▸ **RECORDS FOR THIS TASK**:
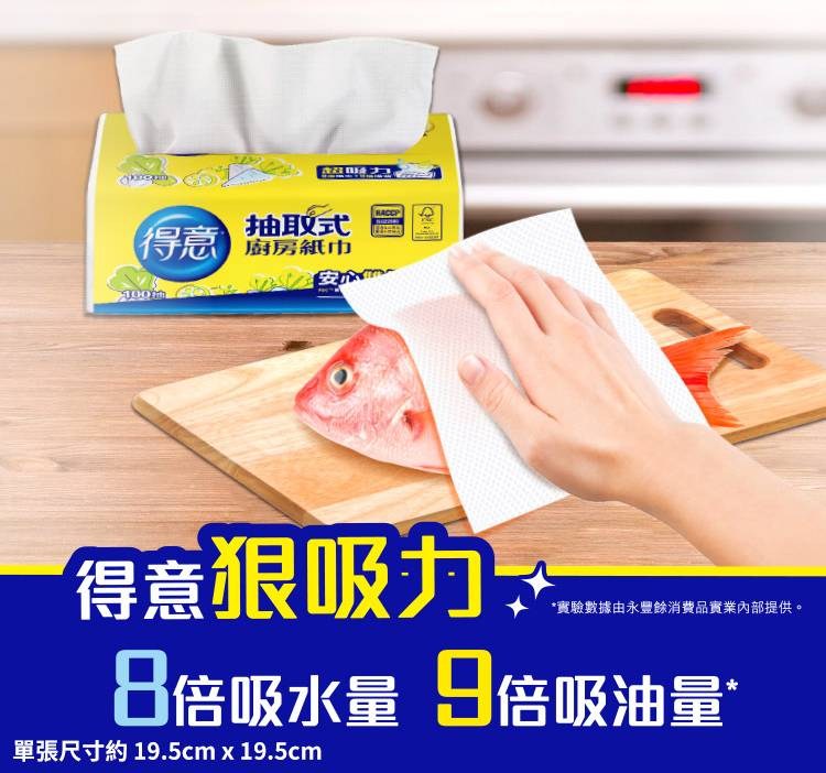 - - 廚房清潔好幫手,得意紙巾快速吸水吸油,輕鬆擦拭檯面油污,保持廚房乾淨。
==
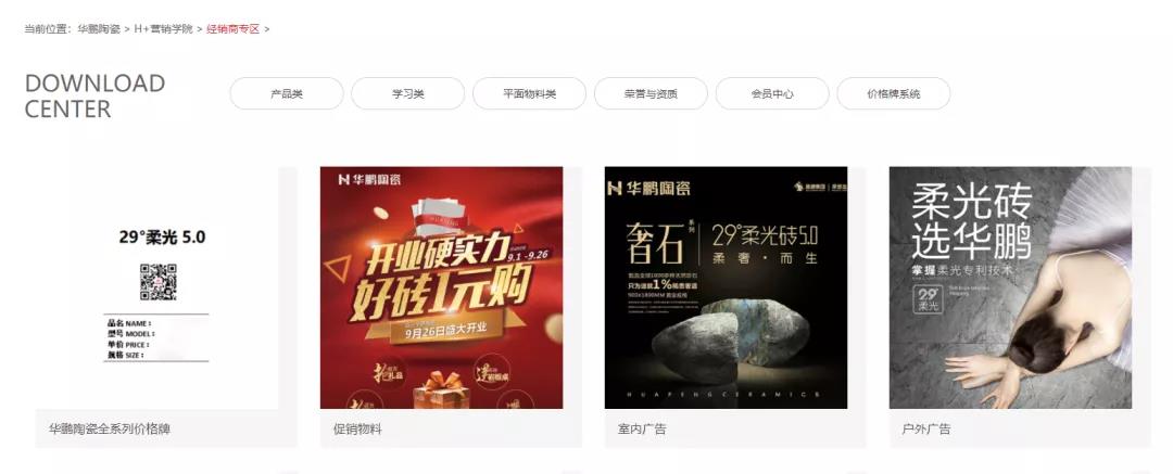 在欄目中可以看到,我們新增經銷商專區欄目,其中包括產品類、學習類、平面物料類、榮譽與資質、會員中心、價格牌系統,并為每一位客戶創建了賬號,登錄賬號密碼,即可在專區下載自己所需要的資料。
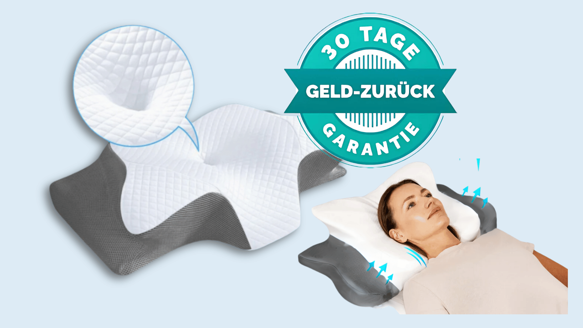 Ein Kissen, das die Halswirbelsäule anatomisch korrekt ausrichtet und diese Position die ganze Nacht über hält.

▸ **TASK ITEM**: Copy back exactly the lines above from the one containing "在欄目中可以看到,我們新增經" through the one containing "Ein Kissen, das", and leave every picture behind.

▸ **THE COMPLETED TASK**:
 在欄目中可以看到,我們新增經銷商專區欄目,其中包括產品類、學習類、平面物料類、榮譽與資質、會員中心、價格牌系統,并為每一位客戶創建了賬號,登錄賬號密碼,即可在專區下載自己所需要的資料。
 Ein Kissen, das die Halswirbelsäule anatomisch korrekt ausrichtet und diese Position die ganze Nacht über hält.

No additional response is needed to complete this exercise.